The discovery opens up the possibility of improving new or existing malaria vaccines by boosting key immune cells needed for long-lasting immunity. This could even include vaccines that have previously been ineffective in clinical trials.
Researchers from Melbourne’s Walter and Eliza Hall Institute discovered that the same inflammatory molecules that drive the immune response in clinical and severe malaria also prevent the body from developing protective antibodies against the parasite.
Dr Diana Hansen, Dr Axel Kallies and Dr Victoria Ryg-Cornejo led a research team that examined how the immune system responded to malaria infection caused by Plasmodium falciparum. The findings were published today in the journal Cell Reports.
Dr Hansen said it was the first time scientists had pinpointed why the immune system fails to develop immunity during malaria infection.
“With many infections, a single exposure to the pathogen is enough to induce production of antibodies that will protect you for the rest of your life,” Dr Hansen said. “However with malaria it can take up to 20 years for someone to build up sufficient immunity to be protected. During that time people exposed to malaria are susceptible to reinfection and become sick many times, as well as spreading the disease.”
Malaria has traditionally been difficult to manage because the body is not good at developing long-lasting immunity to the parasite, which has hampered vaccine development, Dr Hansen said.
“This was complicated by the fact that we didn’t know whether it was the malaria parasite itself or the inflammatory reaction to malaria that was actually inhibiting the ability to develop protective immunity.
“We have now shown that it was a double-edged sword: the strong inflammatory reaction that accompanies and in fact drives severe clinical malaria is also responsible for silencing the key immune cells needed for long-term protection against the parasite.”

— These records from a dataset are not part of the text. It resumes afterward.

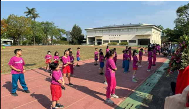
說明：成立運動團隊-舞蹈-校慶表演
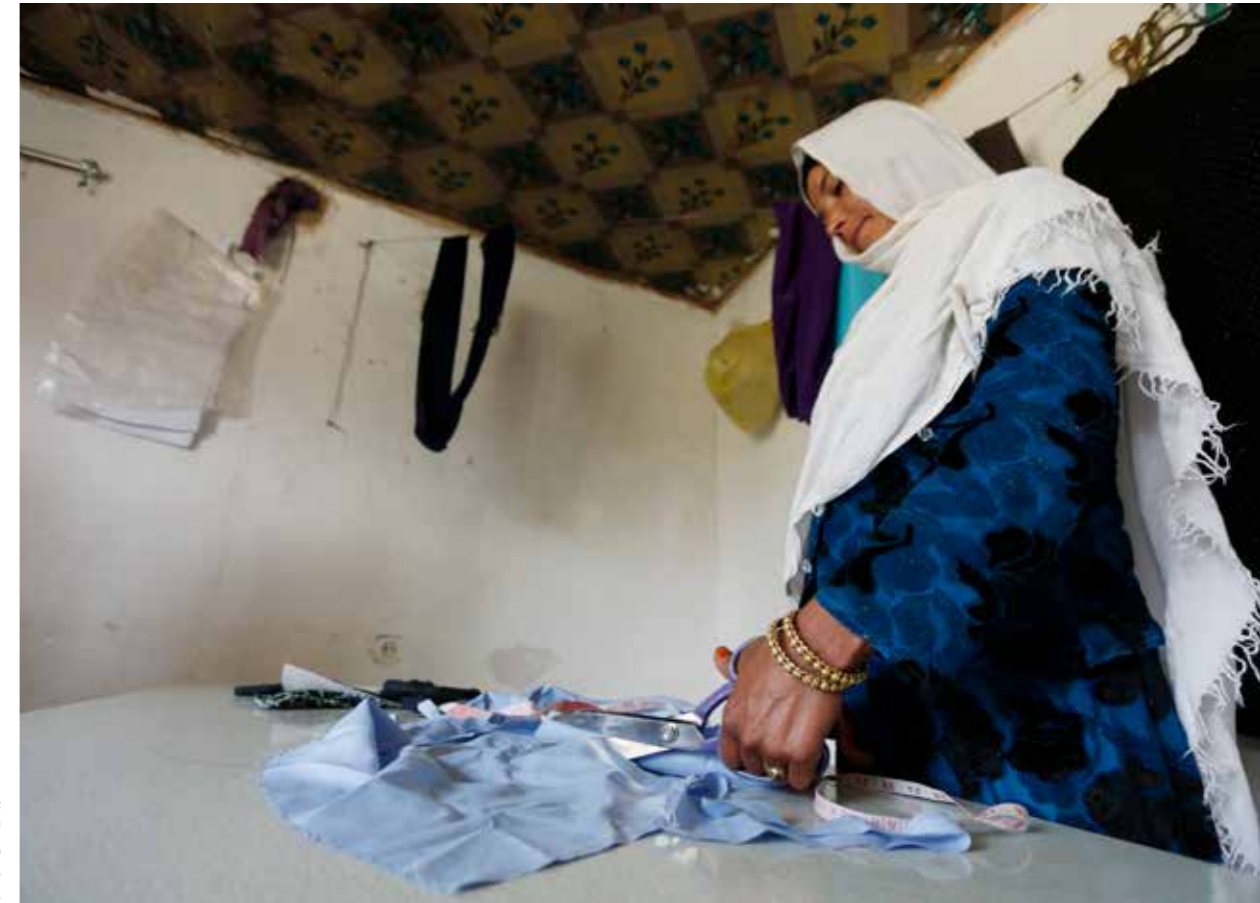
پروگرام توانمند سازی اقتصادی زنان داری اولویت ملی، دسترسی زنان افغان را به منابع و فرصت‌های اقتصادی بلند میبرد که در نتیجه سبب خودکفایی زنان و بهبود جایگاه شان در جامعه می‌گردد.
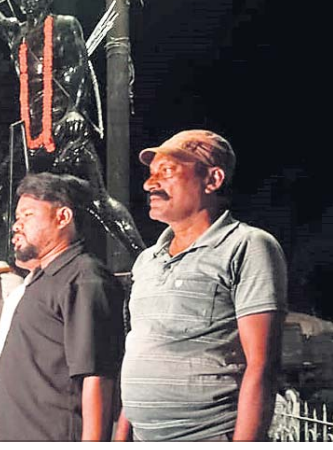
ଝରେନ ଗ୍ରାମବାସୀ ସମୂହ।

କୁତ୍ରା ବ୍ଲକ୍ ନୂଆଗାଁ ପଞ୍ଚାୟତ ଝରେନ ଗ୍ରାମବାସୀ ବିଦ୍ୟାଳୟର ପୁନଃ ନିର୍ମାଣ ଦାବିରେ ଗ୍ରାମବାସୀ ଓ ବିଦ୍ୟାଳୟ ପରିଚାଳନା କମିଟି ପକ୍ଷରୁ ଶନିବାର ବିଡ଼ିଓଙ୍କୁ ଏକ ଦାବି ପତ୍ର ପ୍ରଦାନ କରାଯାଇଛି। ଦାବିପତ୍ରରେ ଉଲ୍ଲେଖ କରାଯାଇଛି, ବିଦ୍ୟାଳୟର ଶ୍ରେଣୀଗୃହ ଛାତ ଚୁର୍ଚ୍ଚିତ ହୋଇ ସିନେଟ୍ ପ୍ଲାଷ୍ଟର ଖସିବା ସହ ଉଚ୍ଚ ବେଖାଯାଇଛି। ଯଦି ପାଠପଢ଼ା ସମୟରେ ସିନେଟ୍ ପ୍ଲାଷ୍ଟର ଖସି ଛାତ୍ରଛାତ୍ରୀଙ୍କୁ କ୍ଷତିଗ୍ରସ୍ତ କିମ୍ବା ଶିକ୍ଷୟିତ୍ରୀ ଶିକ୍ଷକଙ୍କ ଉପରେ ପଡ଼େ ତେବେ ଏଥିପାଇଁ ଦାୟୀ କିଏ ରହିବେ ବୋଲି ପ୍ରଶ୍ନ କରିଛନ୍ତି। ପୂର୍ବରୁ ଏନେଇ ବ୍ଲକ୍ ପ୍ରଶାସନ ତଥା ବିଡ଼ିଓଙ୍କୁ ମଧ୍ୟ ଦାବିପତ୍ର ପ୍ରଦାନ କରାଯାଇଛି। ଅଗଷ୍ଟ ୨୮ରେ ବ୍ଲକ୍ ପ୍ରଶାସନ ବିଦ୍ୟାଳୟକୁ ଆସି ପିଲାଙ୍କୁ ଶ୍ରେଣୀ ଗୃହ ପରିବର୍ତ୍ତେ ବାରଣ୍ଡା ଓ ଗଛ ମୂଳେ ପଢ଼ାଇବାକୁ କହିଥିଲେ। ବିଦ୍ୟାଳୟ ଛାତ୍ର ସହ କାନ୍ଦି ବିରୁଦ୍ଧିତା ପତ୍ର ଉପରେ ରହିଛି। ତେଣୁ ପ୍ରଶାସନ ବିଦ୍ୟାଳୟ ପୁନଃ ନିର୍ମାଣର ଲିଖିତ ପ୍ରତିଶ୍ରୁତି ନ ଦେଲେ ଚଳିତ ବିଧାନସଭା ଓ ଲୋକସଭା ଭୋଟ ସମ୍ପୂର୍ଣ୍ଣ ଭାବେ ବର୍ଜନ କରିବେ ବୋଲି ଦାବିପତ୍ରରେ ଉଲ୍ଲେଖ କରିଛନ୍ତି ଗ୍ରାମବାସୀ ଓ ବିଦ୍ୟାଳୟ ପରିଚାଳନା କମିଟି। ଉଲ୍ଲେଖ ଯୋଗ୍ୟ, ଗ୍ରାମବାସୀ ଓ ବିଦ୍ୟାଳୟ ପରିଚାଳନା କମିଟି ତରଫରୁ ଶୁକ୍ରବାର ଏକ ବୈଠକ ବସିଥିଲା। ପ୍ରାଥମିକ ବିଦ୍ୟାଳୟର ପୁନଃ ନିର୍ମାଣ ନ ହେଲେ ଗ୍ରାମବାସୀ ଭୋଟ ବର୍ଜନ କରିବେ ବୋଲି ନିଷ୍ପତ୍ତି ନେଇଥିଲେ।
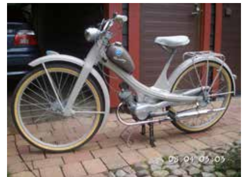
Bernts fina NSU moped

sin dar jag skulle med det skrotet till. Så småningom blev det 5 fina NSU-are samt en Kreidler och en Monarped.
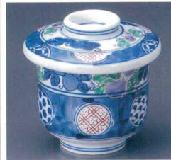
ケ95-42-2 錦丸紋ひさご蒸し碗 (8.5×9.5cm) ¥2,000 1430216012
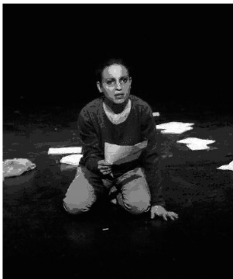
Café turco. Aula de Teatro. Universidad de Granada.

Esto incide de forma importante en la composición de las aulas de teatro. No es lo mismo tener que alquilar un autobús para un desplazamiento de un grupo de cuarenta personas que hacerlo de un grupo de ocho, donde incluso con un par de coches de alquiler se puede solucionar un viaje.
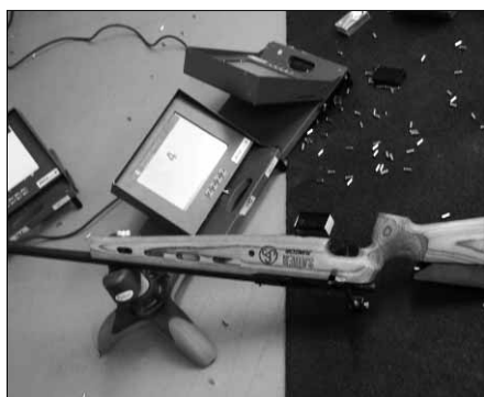
Mange skot går med.

Det kostar i prinsippet ikkje noko å delta. Dei som skyt med kaliber 22 må betale 20 kr for ammunisjon ved kvar trening. Alt utstyr som våpen osv. vert lånt ut gratis.
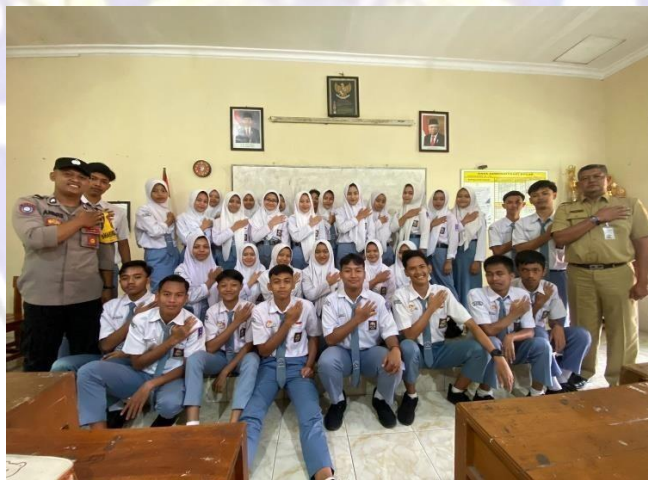
Gambar 3 ; Foto Bersama Dengan Kelas XI 1
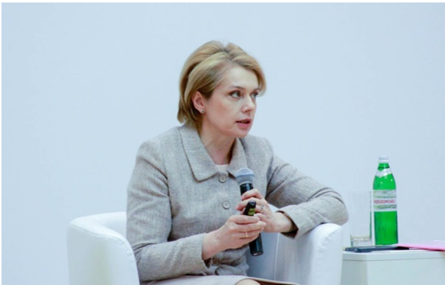
Гриневич прокоментувала рішення Угорщини
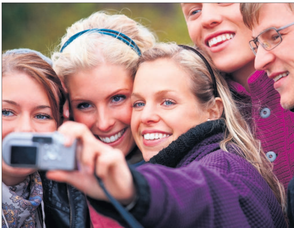
Roczna przerwa w nauce to zazwyczaj przygoda, poznanie innych kultur i międzynarodowe znajomości

Na gap year decydują się osoby, które po studiach nie chcą jeszcze rozpocząć życia zawodowego lub w trakcie studiów decydują się na urlop dziekański, aby spełnić marzenia o podróżach. Często są to też maturzyści, którzy przed rozpoczęciem nauki na uczelni chcą zasmakować wolności.
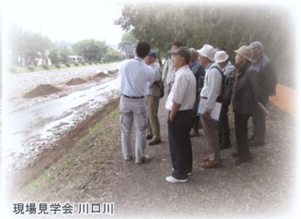
現場見学会 川口川
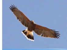
Peuco Parabuteo unicinctus
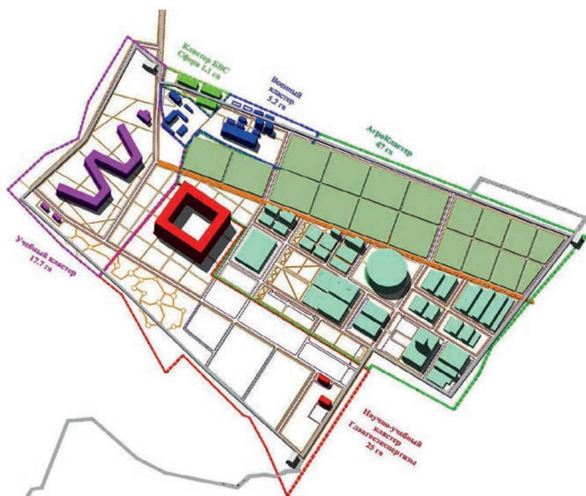
Рис. 6. Проектируемое зонирование территории Агро(био)технопарка «Чкаловский» на кластеры и функциональные зоны

БВС (беспилотные воздушные суда) «Сфера». Наличие этого кластера позволит Университету не только обучать студентов и иных слушателей управлять БВС и разрабатывать для них интеллектуальные системы, но и сертифицировать летательные аппа-
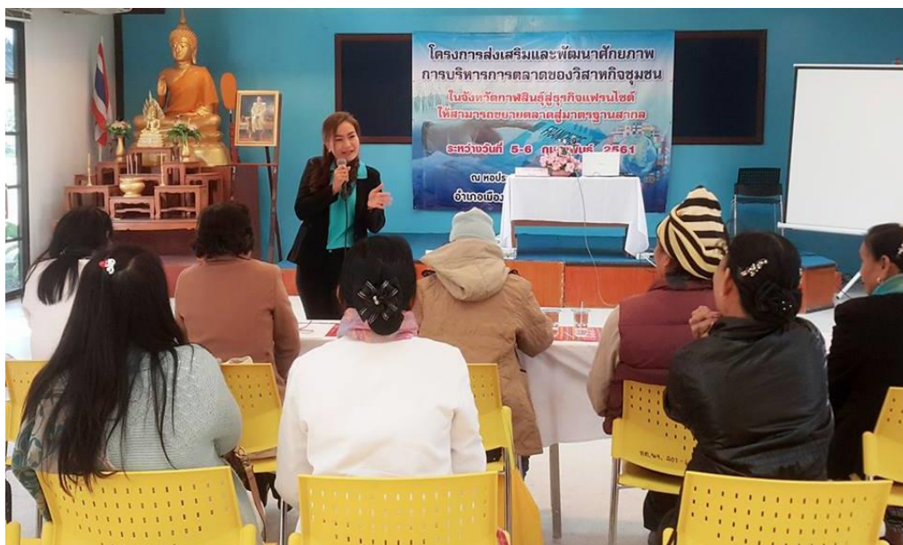
ภาพที่ 3.10 บรรยายภาคการอบรมโครงการ
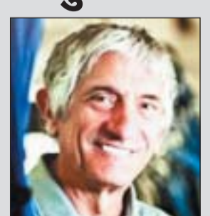
अमेरिका के येल विश्वविद्यालय और कैलिफोर्निया विश्वविद्यालय में पढ़ा रहे हैं. जॉन एम. मार्टिनिस ने 1987 में कैलिफोर्निया विश्वविद्यालय से पीएचडी की थी.
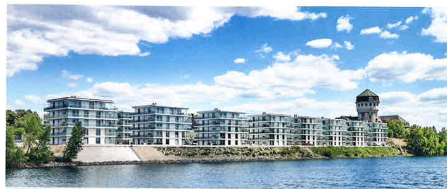
89 großzügig geschnittene, moderne Wohneinheiten unterschiedlicher Größe, mit sehr wohntonem Ambiente verteilen sich auf zehn Einzelgebäude direkt am Rheinufer.

finnischen Hersteller Lumon. Dafür gab es verschiedene Gründe, wie Bauträger und Architekt unisono bestätigen. „Die gestalterischen Elemente bei Lumon sind sehr elegant und geben uns bei der Planung viel Spielraum“, erklärt Architekt Löffler. „Die Lumon-Lösung arbeitet ohne große Profileinfassungen. Elegante Führungsschienen erlauben eine ansprechende Lösung für die Verglasung. Die Ausführung ist schön und schlicht.“ Auch in punkto Schallschutzanforderungen habe Lumon mit seinem Angebot überzeugen können. Für die Verglasung der 89 Wohnun-

Dr Kallies said inflammatory molecules released by the body to fight the infection were preventing protective antibodies from being made. “Long-term immunity to malaria and other pathogens requires antibody responses,” he said.
“Specialised immune cells called helper T cells join forces with B cells to generate these protective antibodies. However, we showed that during malaria infection critical inflammatory molecules actually arrest development of helper T cells and therefore the B cells don’t get the necessary instructions to make antibodies.”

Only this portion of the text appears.